Его не было долго. Я подошел к окну и вдруг увидел его за стеклом --
сгорбленного, небритого, в обвисших штанах из синей парусины, которые он
подтягивал машинально и потерянно. Он брел, раскачиваясь, как на молитве,
только чуть на сторону, волоча тот же разбухший портфель.
-- Другой сегодня, -- хрипло, с горечью, сказал он, войдя в комнату. --
Ничего не передашь... -- И, спохватившись, замолчал. Посмотрел на меня своим
изучающе-пристальным взглядом и, поняв, что проговорился, рассказал страшную
правду, которая не дает мне покоя и сегодня.
Три года назад у Сойферта был инфаркт, врачи потребовали, чтоб он уехал
на юг. И он стал собирать вещи. Всполошились власти. Незаменимых людей нет,
но... как без Левы Сойферта? Заполярье. "Ни купить, ни украсть", как
говорили старые зэки. То труб нет, то хлеб не завезен. Разбежится народ...
Сам Первый вызвал Сойферта, обещал отправить в санаторий ЦК. Любой. Даже в
Нижнюю Ореанду. Только чтоб вернулся назад.
Пообещали Сойферту квартиру в доме крайкома -- он, все равно,
собирается. Удвоили оклад -- бросает и оклад. И тогда к восемнадцатилетнему
сыну Левы Сойферта, Яше, который возвращался домой после выпуского вечера,
подошли на улице три молодца и девчонка и завязали драку.
Суд был скор и справедлив.

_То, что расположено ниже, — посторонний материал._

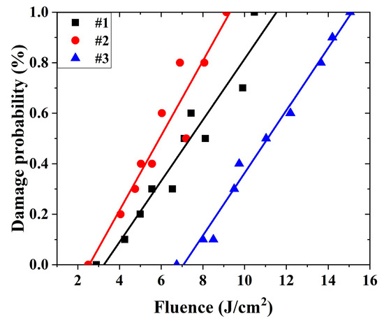 The influence of impurities on the LIDTs at 193 nm of CaF2 crystals was characterized, and the LIDT test results of each sample are shown in Figure 6. The LIDTs of samples #1, #2, and #3 were 3.25 J/cm2, 2.54 J/cm2, and 7.07 J/cm2, respectively, indicating significantly different LIDTs for CaF2 crystals prepared under different growth conditions but with the same processing method. Meanwhile, the relationship between the impurity content of each sample and its corresponding LIDT was established (Table 2). The impurity of sample #3 was higher than samples #1 and #2, yet its LIDT was much higher. This indicated that the impurities in CaF2 crystals are introduced during synthesis and constitute intrinsic defects in the material. Notably, during LIDT testing, the laser does not generate additional impurities. And under trace impurity conditions, the impurity content of CaF2 crystals is no longer the primary factor affecting the LIDT. That is, the intrinsic defects within the CaF2 crystal are not directly correlated with its LIDT. Instead, non-intrinsic defects introduced during surface processing—including both surface and subsurface imperfections—might serve as the primary determinants of the 193 nm LIDT of calcium fluoride crystals. This phenomenon was similarly observed in tests of the fused silica bulk damage threshold, where trace metal impurities exhibited only a weak correlation with the bulk damage threshold [31].
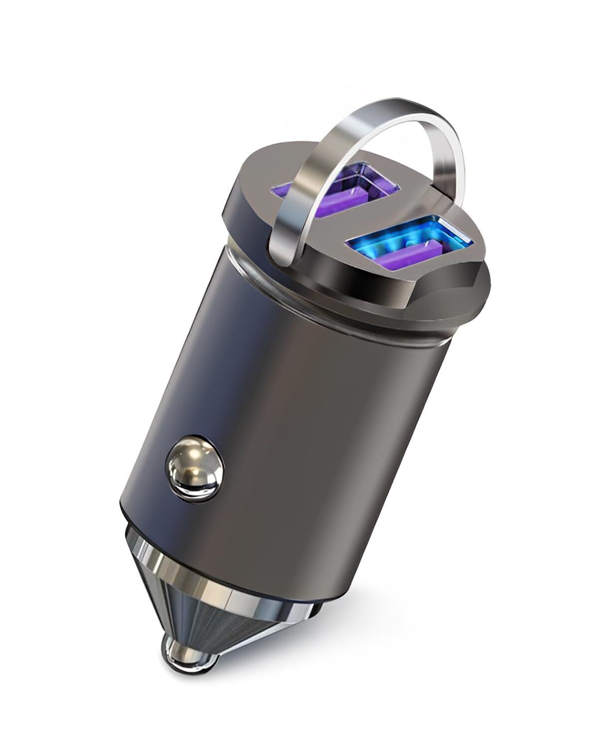 【2026 新設計】2024 新デザインのデュアルUSBカーチャージャー。車内のスペースを邪魔しない超コンパクト設計。取り外しが簡単な金属製プルリング付き。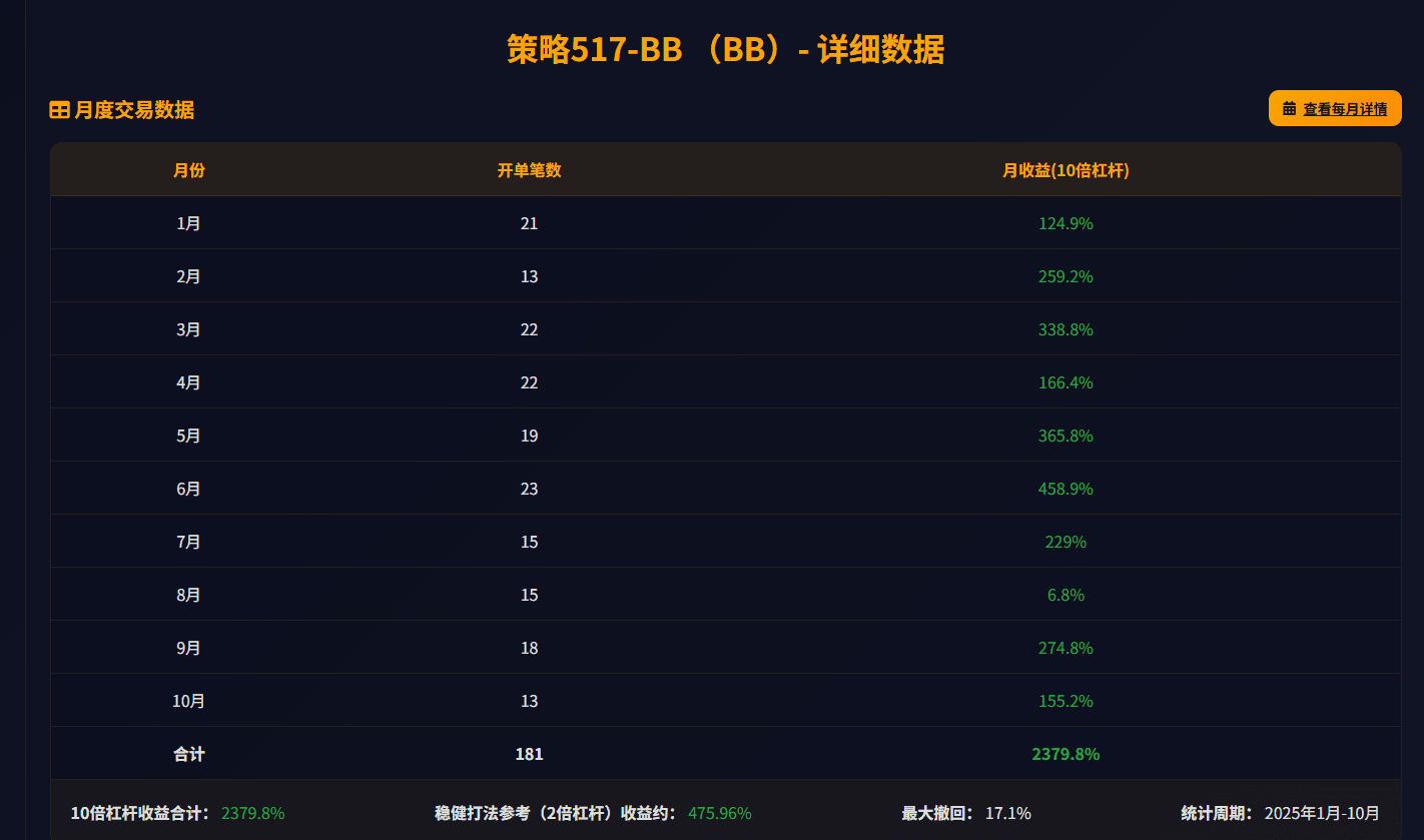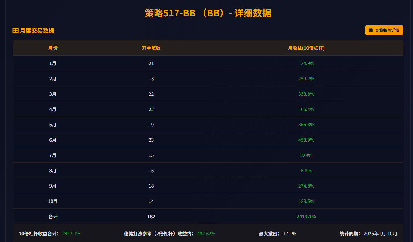 - 10x leverage return 2413.1% | Maximum drawdown 17.1%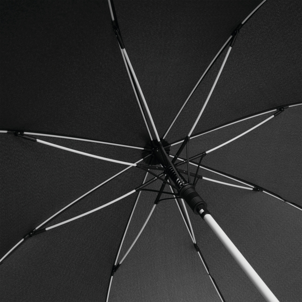 FARE®-AC Stockschirm,TÜV-zertifiziert, automatisch öffnend, 60 cm/8-teilig, 12 mm Fiberglasstock, Fiberglasschienen, matter gerader Kunststoffgriff und -top jeweils farblich passend zum Bezug, matte Nickelspitzen, 100 % Polyester-Pongee Bezug mit silberner Reflexpaspel (gem. DIN EN 471)*, Windproof-System, ca.105 cm Ø, ca. 81,5 cm lang, ca. 480 g, VE 24 Stück *Produkt wird nach Abverkauf aktueller Lagerbestände auf silberne Reflexpaspel nach EN ISO 20471 umgestellt.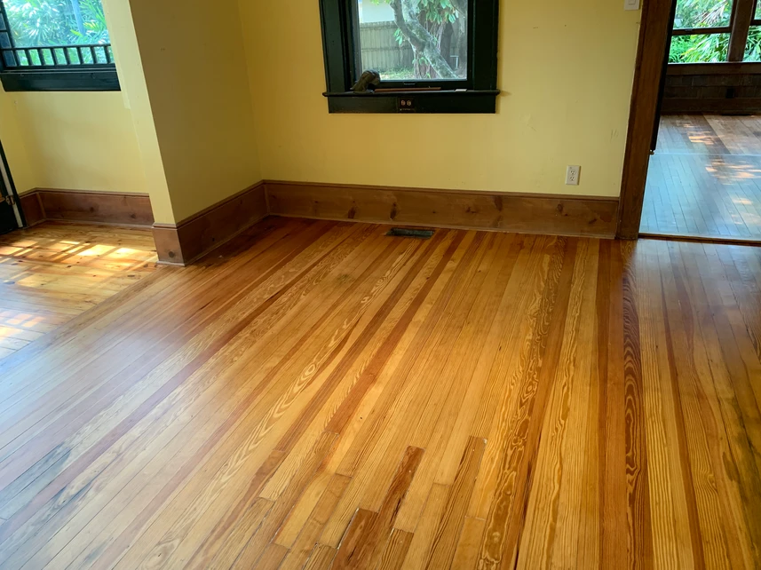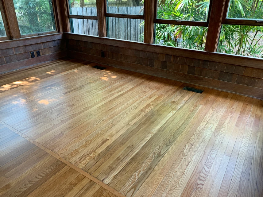 There are 2 species of wood floors in this house: red & white oak blend and Dade County Pine.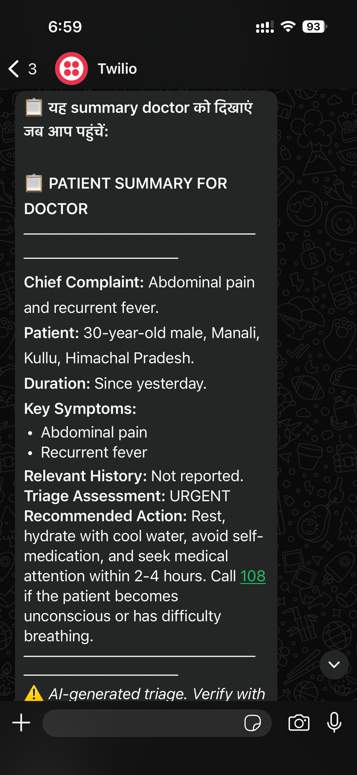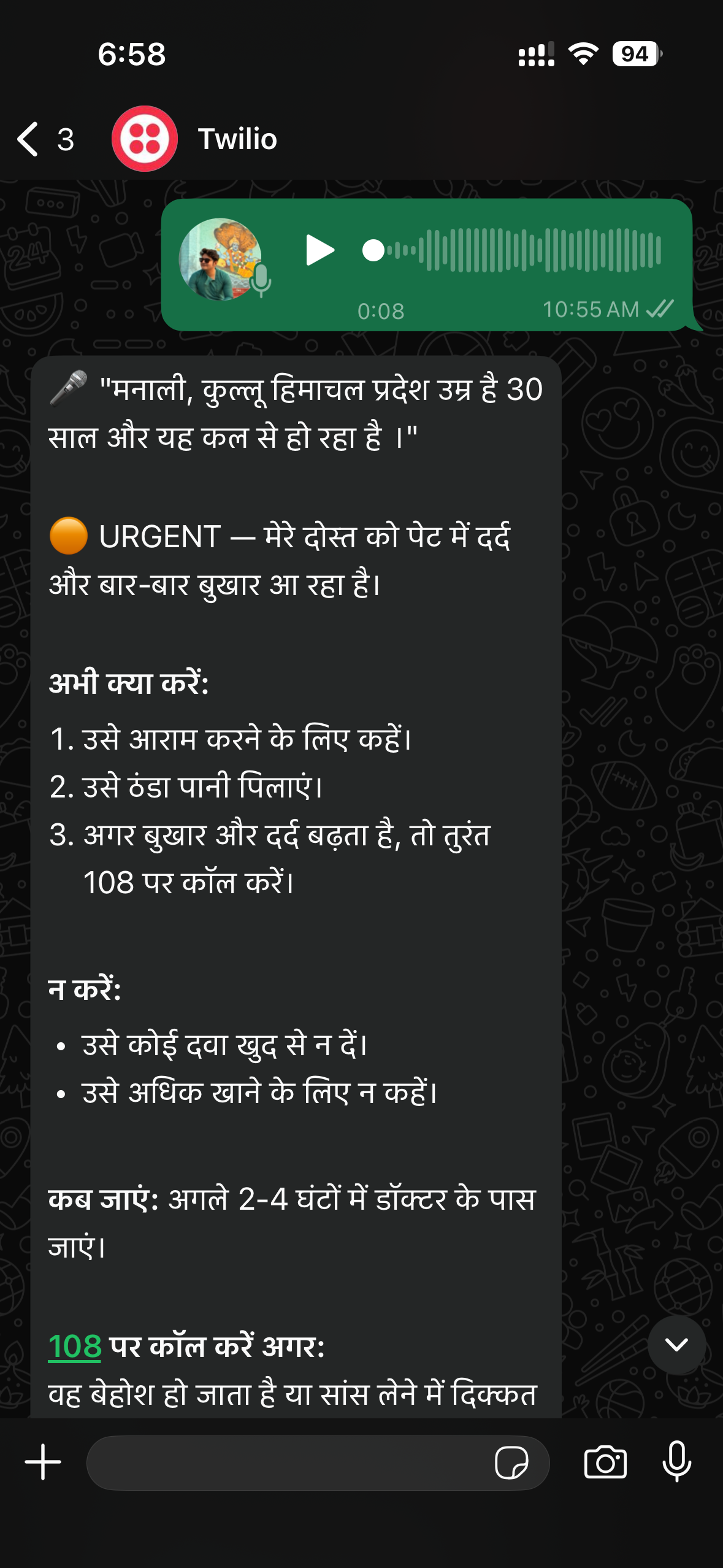 Describe the emergency in any Indian language. Voice note or text. No app, no sign-up — just WhatsApp.

Сына Сойферта обвинили в нападении на
девушку и в попытке изнасилования: не изнасиловал-де только потому, что
прохожие отбили девушку.
Прохожих было трое, девушка -- четвертой. В их показаниях расхождения
не было. Яша получил восемь лет лагерей.
...-- Далеко не увезли, -- прошептал Сойферт, руки его затряслись. --
За стеной, рядышком..
-- Как смели на это пойти?! -- вырвалось у меня. Мне невольно
вспомнились мои московские друзья. Мудрый, похожий на морщинистого ребенка
Александр Бек, шептавший: "Гриша, я их боюсь! Я их смертельно боюсь!.."

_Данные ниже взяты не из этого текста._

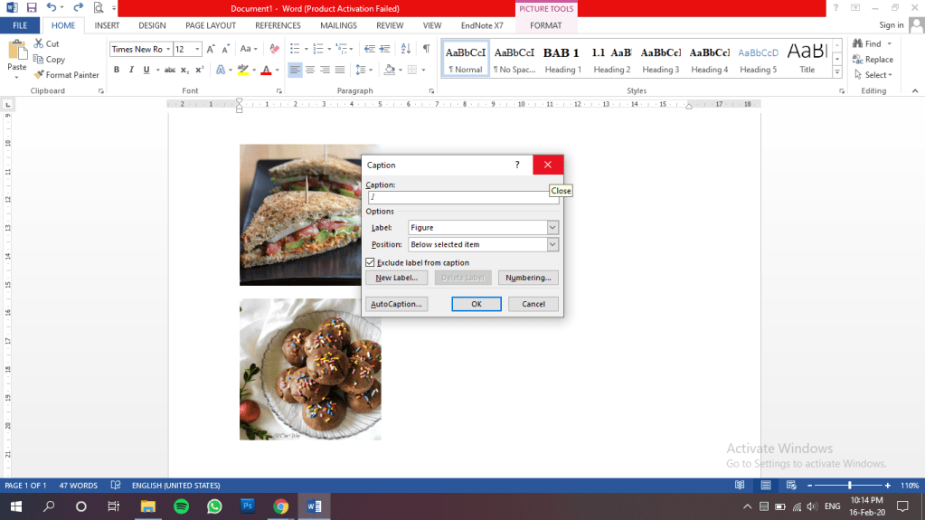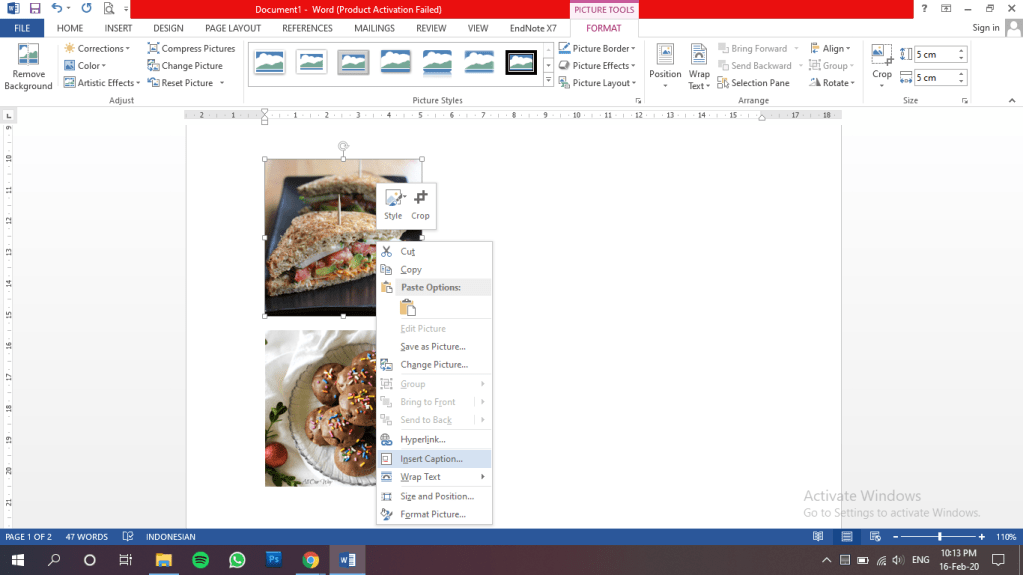 Caranya adalah dengan mengklik kanan pada gambar yang diinginkan, kemudian pilih insert caption. Hingga muncul kotak dialog seperti di bawah.

-- Кто мог это сделать, Лева?
-- Хо! Пилипенко и не такое придумывал... А за что его держат? Лечат в
санаториях ЦК? За голубые глаза?
Мы вышли с Сойфертом на топкую улицу, приблизились к высокому
бревенчатому забору, которым некогда обносили старорусские города от татар.

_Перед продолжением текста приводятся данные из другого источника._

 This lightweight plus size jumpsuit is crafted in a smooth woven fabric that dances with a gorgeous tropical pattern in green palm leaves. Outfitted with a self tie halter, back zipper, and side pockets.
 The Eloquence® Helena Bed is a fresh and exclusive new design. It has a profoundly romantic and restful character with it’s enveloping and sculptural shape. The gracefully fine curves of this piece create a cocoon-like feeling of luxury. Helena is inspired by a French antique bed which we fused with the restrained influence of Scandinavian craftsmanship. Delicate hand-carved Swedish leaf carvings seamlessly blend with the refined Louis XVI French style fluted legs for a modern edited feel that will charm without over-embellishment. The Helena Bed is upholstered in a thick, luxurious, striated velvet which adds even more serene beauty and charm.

Он был сырым, в плесени, как почти все на берегу ледяного моря в эти
августовские осенние дни.
Забор перегораживал улицу, превращая ее в тупик. Он был коротким, но
недвусмысленным. Сверху козырек, колючая проволока. Почему-то у ворот не
полагались на одну электронику.
У маленькой дверцы стояла очередь с узелками, чемоданчиками. Дверца
была с глазком.
Лева Сойферт молитвенно воздел руки и сказал каким-то хрипящим шепотом:
-- Вот моя Стена плача! Куда я могу уехать от Стены плача?!

    Задняя земля, повесть


В Министерстве Газа и Нефти переполох. Его и не скрывали. Из массивных
дверей выскакивали грузные пожилые люди и мчались по коридору, как курьеры,
прижимая под мышками бумаги и папки. Посетителей отстраняли жестом, на бегу.
У выхода на меня наткнулся знакомый по Заполярью геолог, великий циник
и пьянчуга.
-- Что стряслось? -- шепнул я ему.
Он взял меня под руку и, проведя в глубь коридора, втянул в приоткрытую
дверь, за которой сидели за длинным столом и стояли недвижимо человек
двадцать.
В нашу сторону никто не оглянулся...
Надрывались телефоны. Председательствующий замминистра Сидоренко будто
и не слыхал. Ему протянули решительным жестом одну из трубок, шепнув:
-- Косыгин!
Сидоренко взял влажной, в испарине, рукой.
-- Правильно, Алексей Николаевич! -- вскричал он, подымаясь со стула.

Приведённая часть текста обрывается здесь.